Porter argues that, although an economic environment conducive to growth is essential, a nation’s prosperity is determined by the productivity with which it uses its natural, capital and human resources. It is not enough to put in place the right policies; we must also seek to change the cultural software. Yet, promoting cultural change in Latin America has always been deemed an offensive American condescendence.

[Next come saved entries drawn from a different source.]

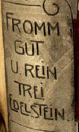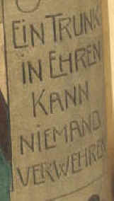 Fromm, Gut und Rein trei Edelstein. Ein Trunk in ehren kann niemand verwehren. |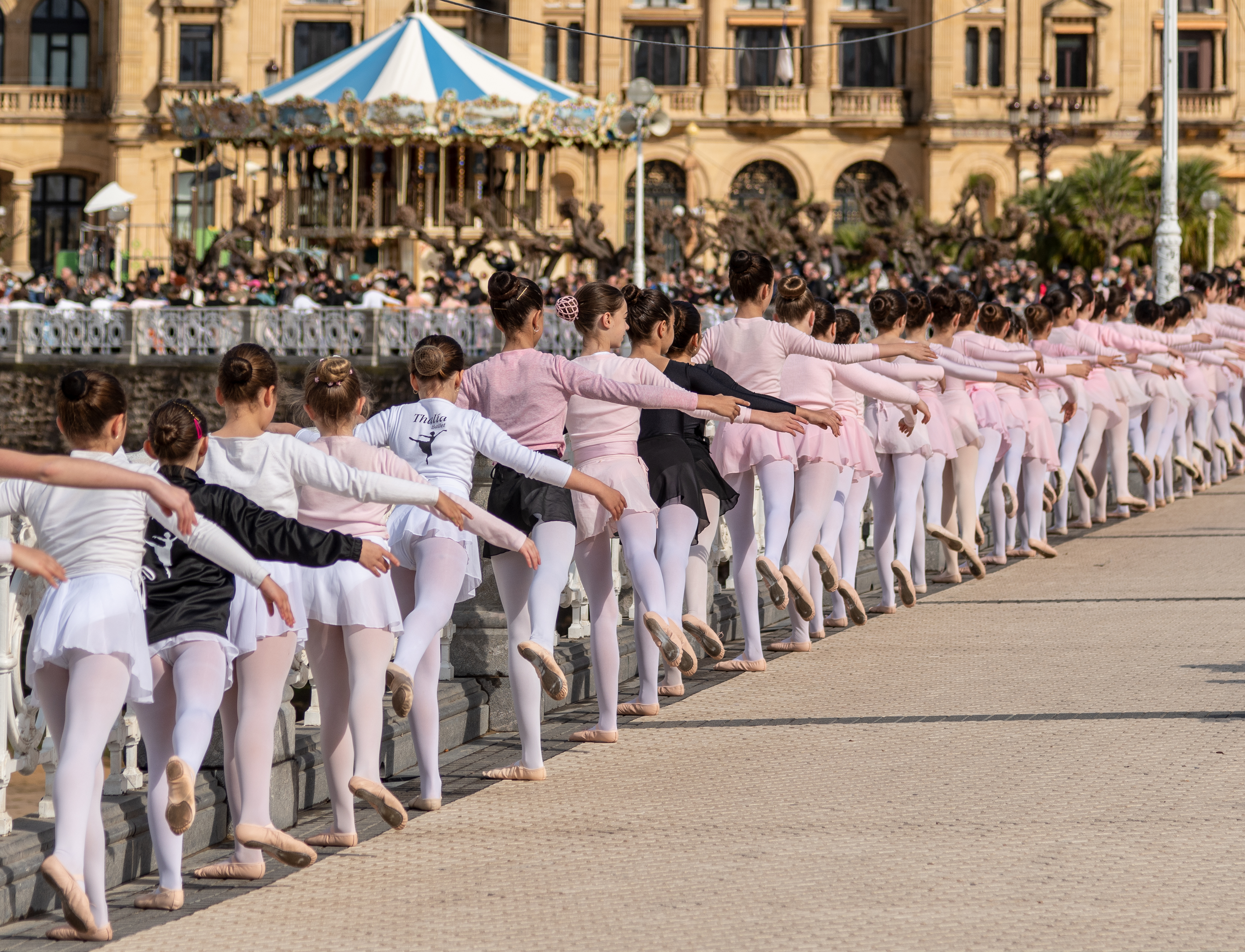 XXVI BARANDILLA DE LA CONCHA el domingo 21 de abril de 11.00 a 11:30 la Barandilla de Txikis ubicada desde el club Náutico hasta el Café de la Concha; de 11:50 a 12:20 la Barandilla de nivel intermedio también desde el Club Náutico hasta el Café de la Concha; y finalmente de 12:45 a 13:30 la Barandilla de Mayores que se distribuirá desde el club Náutico hasta el túnel del Antiguo. En total participan 1524 alumnas y alumnos pertenecientes a 26 escuelas de danza ubicadas en diferentes municipios de Gipuzkoa (Andoain, Astigarraga, Donostia, Hondarribia, Irún, Pasai Antxo, Rentería y Tolosa) y Bizkaia (Ondarroa y Lekeitio).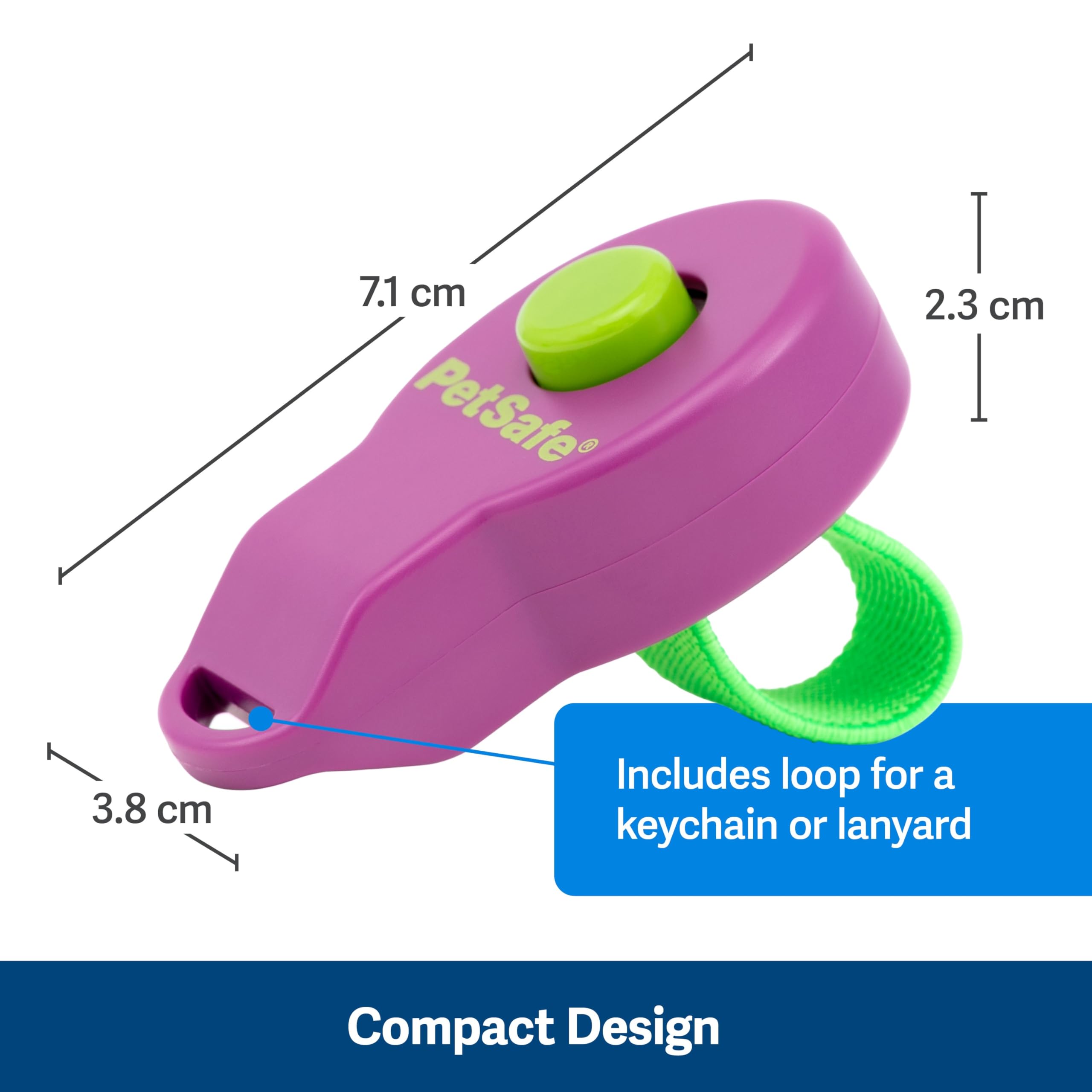 Train your pet effectively and positively with the PetSafe Clik-R Training Tool, a compact and easy-to-use device that uses the power of consistent sound to shape behavior. Whether you’re teaching basic obedience, new tricks, or advanced agility cues, the clicker creates a clear communication signal between you and your pet. With just one click, your pet knows they’ve done the right thing—followed immediately by a reward to reinforce that behavior. This sound cue pet trainer is perfect for dogs, cats, and other trainable animals. The compact shape fits easily in your hand, and the built-in finger band ensures it stays put during training sessions. Its easy-hold construction makes it a favorite among pet parents and professional trainers alike, offering comfort and control in every interaction. Whether you’re practicing indoors or heading to the park, this portable dog clicker is the lightweight, travel-friendly clicker you can rely on. Clicker training works by building an association between the click sound and a treat or praise. Pets quickly learn to anticipate a reward when they hear the click, making it easier to reinforce desirable behaviors and discourage unwanted ones. The PetSafe Clik-R can be used as early as 8 weeks old for puppies and is equally effective for adult pets. Since 1988, PetSafe has been driven by a simple belief: safe, healthy pets lead to happier lives for pets and their families. For over 25 years, we've been dedicated to enhancing the lives of pets and the people who love them, treating every pet as a cherished family member and delivering life-changing innovations designed to enrich every moment. With U.S. roots and a global reach, our vet- and trainer-recommended products are built for every pet and backed by exceptional customer support. From backyards to dog parks, we're on a mission to create fields of joy for happy, healthy, and safe pets.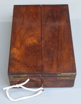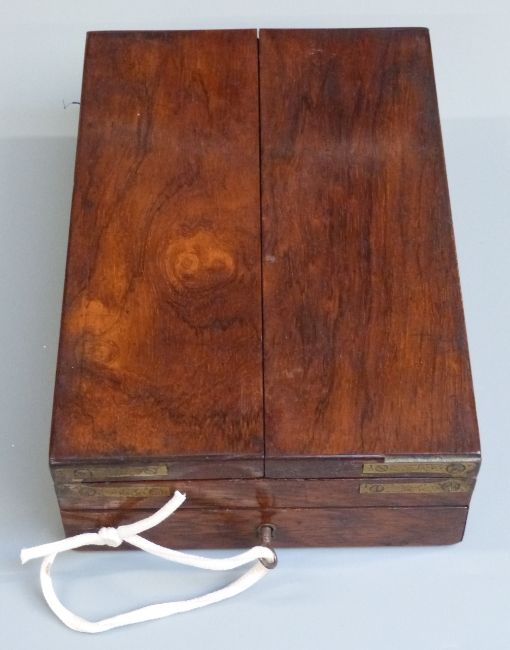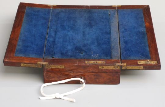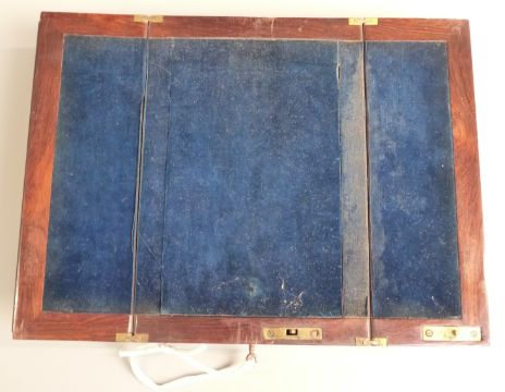 19th century rosewood travelling or campaign writing slope or lectern, the top folding out to form a velvet inset surface with storage behind, the whole surface being raised on an adjustable ratchet stand, length of box when closed 24cm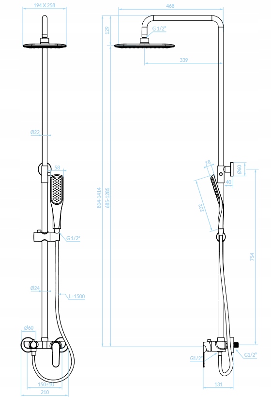 ☑️ Wysokość: 814-1414mm

Maybe, but the intractability of the problems of poverty suggests that, cultural change should not be ignored in the search for solutions. Economic development solutions require more than, opening the economy, lowering interest rates, freeing up trade, and the like. Something is needed to change the toxic anti-business culture. Sociologists tell us that; economic behavior is influenced by what we perceive is the best way to advance economically. The Latin American perception is that the best way to advance economically is through government favors, monopolistic control of resources, political power, and such.

These perceptions need to be replaced by values that enhance productivity such as: capitalism is good, innovation is good, investment in capabilities and technology is good, employees are assets, etc. In other words, a change in economic culture is needed.

The good news is that such a change is possible. “The way people behave in a society has much to do with the signals and the incentives that are created in the economic system in which they live.” (Porter) Thus, an unproductive economic culture is more the consequence of having been guided by flawed economic theories, than the consequence of embedded cultural attributes. If much of our economic culture is learned from the economy, then, economic culture can be modified.

In his essay, Cultures Count, Samuel Huntington cites Patrick Moynihan’s wise assessment of the role of culture in human affairs: “The central conservative truth is that it is culture, not politics, which determines the success of a society. The central liberal truth is that politics can change a culture and save it from itself.” In Latin America, the culture needs to be for Ivan to aspire to his own goat or two.